The bar was turned on the lathe so that all the relevant axis are square and concentric. This was then proved by taking test measures at 180° positions.

I tram my mill often and never liked using the DTI due to the gymnastics it required to take a reading. Old hands might take it in stride, but I consider it a PITA. I have been using the Nano-Tram device and felt it was doing a reasonably accurate job. It got things pretty close and I'm not putting it down, especially to those who use it. 

When I completed this tool and calibrated it, I was to learn several things that rocked me back on my heels.

#1.... The Chinese drill chuck that came with the mill sucks rocks and is out of true by more than .006 in one direction and .004 in another. repeatability is non existent.

#2... the Nano-Tram was getting things pretty damned close.... .002 off the mark on X and .004 on the Y axis. Most of the Y error was due to the column needing shimming.

#3... Never trust a vise to be parallel top and bottom.

*Tram tool after adjustment to X axis at the bottom surface of work vise.*






*Checking the top edge of movable jaw.... note the .004 variance *






*Top edge now parallel with bottom surface for visual reference only*





*Note the .002 variance between the top plate and the bottom surface *





This post is not intended to stir debate about preferred tramming methods or which one is right or wrong. It's shared to show one more way to skin the proverbial cat. Does it work? I'll let you judge for yourself. All I know is that the tool is easy to use and gives a good clear visual representation of the tram and the difference afterward was quite remarkable. 

Steve


----------



## Brass_Machine (Oct 25, 2008)

Steve,

This is an interesting device and I would like to know more about it. I think I understand how it works but would like better pictures etc... if you please OFC.

Thanks
Eric


----------



## Cedge (Oct 25, 2008)

Eric
I'll be happy to shoot more, but there is really very little more to see. The only things you can't see in these photos are two drilled and reamed holes that the dial indicators are housed in.

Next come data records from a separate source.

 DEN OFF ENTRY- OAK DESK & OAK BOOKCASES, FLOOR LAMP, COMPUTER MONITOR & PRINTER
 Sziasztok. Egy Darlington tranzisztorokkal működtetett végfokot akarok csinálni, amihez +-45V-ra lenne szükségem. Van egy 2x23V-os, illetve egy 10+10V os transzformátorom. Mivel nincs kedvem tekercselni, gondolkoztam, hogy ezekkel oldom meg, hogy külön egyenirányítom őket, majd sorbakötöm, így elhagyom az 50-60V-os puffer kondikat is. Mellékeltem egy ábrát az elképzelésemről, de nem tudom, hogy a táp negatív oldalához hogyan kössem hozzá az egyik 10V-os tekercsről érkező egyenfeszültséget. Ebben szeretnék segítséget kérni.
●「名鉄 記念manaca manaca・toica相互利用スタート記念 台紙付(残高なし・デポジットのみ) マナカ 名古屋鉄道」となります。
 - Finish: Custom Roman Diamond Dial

The trick is to get the bottom of the base perfectly squared to the shaft coming out the top. I accomplished that by mounting the block in a 4 jaw lathe chuck and turning the top surface before using the tail stock to center, drill and ream the hole for the stem. Then I chucked the piece using the stem and faced off the bottom surface. By turning the ends while it was on the lathe, everything was made concentric.

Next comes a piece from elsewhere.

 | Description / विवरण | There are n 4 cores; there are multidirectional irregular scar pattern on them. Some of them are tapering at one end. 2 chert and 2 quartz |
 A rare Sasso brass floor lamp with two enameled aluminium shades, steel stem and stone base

I then drilled and reamed two 3/8 holes, one on each end, using the DRO to make sure they were the same distance from the centerline. The Indicators were then placed in their holes and the tool was set down on a parallel bar and adjusted for zero. Once the indicators were zeroed, I locked them in place with thumbscrews. 

Since I faced the tool on the lathe, there is no variance indicated when the tool is turned 180°, which is the same way you'd check a square or other tool needing to be an exact 90° angle.

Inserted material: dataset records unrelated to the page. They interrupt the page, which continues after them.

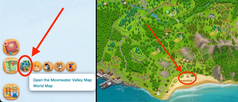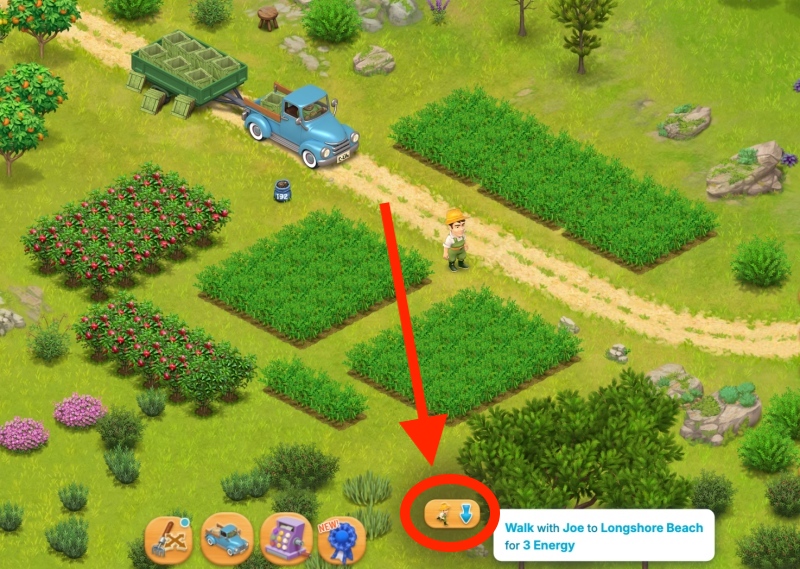 Or hover over your Map icon > open the World Map > click on Joe’s icon next to Longshore Beach and Joe will travel there.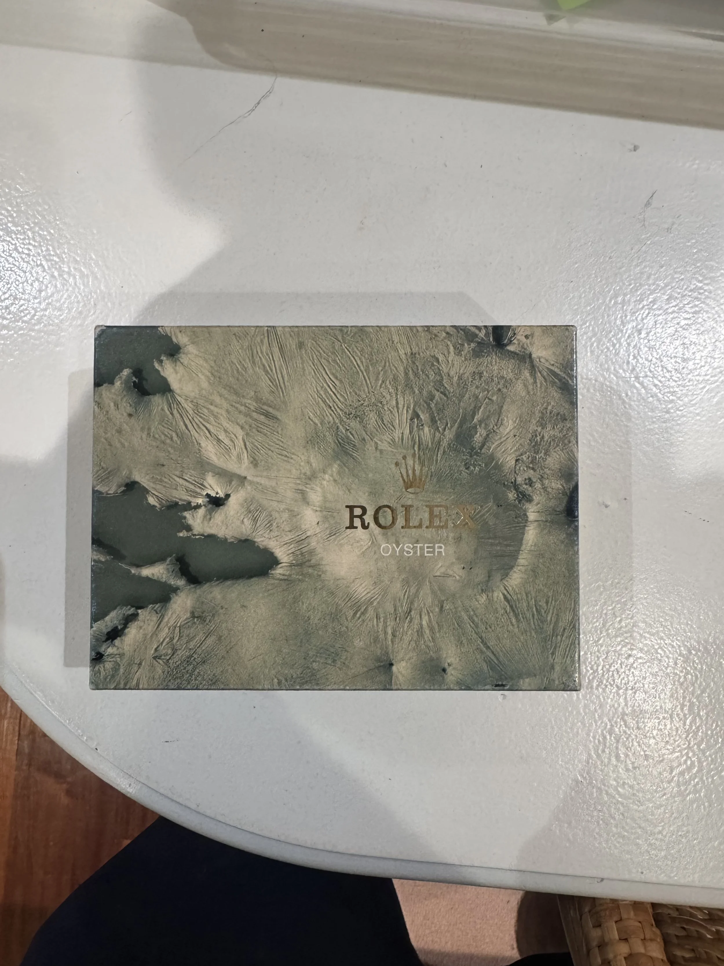 The watch comes with box and service papers from 2021. We do not know the service history, but it is running well. It comes from the original owner. It recently passed a water resistance test of 5 bar.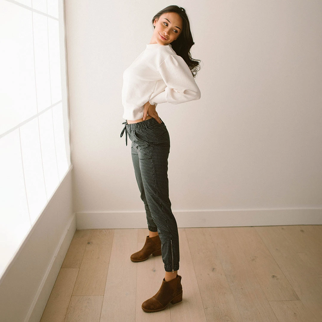 These Black Dash joggers for women are one of our top-sellers for a reason! Timeless with a bit of detail you’ll love— SILVER ankle zippers, an elastic and drawstring waistband, and a style that is incredibly flattering! You’ll never want to take them off.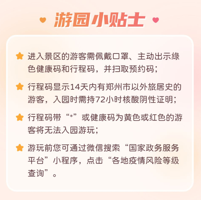 2、景区日接待量不超过最大承载量的75%。不接待中高风险地区及所在县、区旅居史的游客,14日内有郑州地区以外旅居史及郑州地区以外的游客,进入景区时需提供48小时内核酸检测阴性证明。

From there you just try to trust the tool a bit and watch the needles....LOL. I run it through one full revolution using the fine down feed feed on the quill and shoot for zero on one dial. Then the difference between the two dials tells you which end is low and lets you make the needed adjustment as you watch the needles move. It can be rotated 90° to read and adjust the other axis just as easily.

Steve


----------



## gr8life (Oct 25, 2008)

I have the material for this job sitting on my bench, but have now been interrupted by a paying job. My thought was to zero one dial on a given spot then rotate 180 and zero the second dial then work from that point to get both even. Am I traveling down the wrong road?
thanks
ed


----------



## Lew Hartswick (Oct 25, 2008)

When that device came out a year or so ago I whiped one out to see if it was realy worthwhile.
I guess it's OK, but I find it's more of a hassel to get the thing out of the tool cabinet and then 
put it away than to just use a single dial indicator and a 1,2,3 block which are a lot more at
hand.  I do have to walk around the end of the table to read the guage when it faces back. 
  ...lew...


----------



## tel (Oct 26, 2008)

Like me, you blokes have to get past the idea that the DI has to be read from the front - make a holder that will take the indicator at 90° to the usual and then you can red it by looking at each side.


----------



## Tin Falcon (Oct 26, 2008)

Nice work Steve:
I have seen commercial versions . Looks like you figured out a nice shop made one. 
Tin


----------



## DickDastardly40 (Oct 26, 2008)

Superb work as ever Steve and very interesting!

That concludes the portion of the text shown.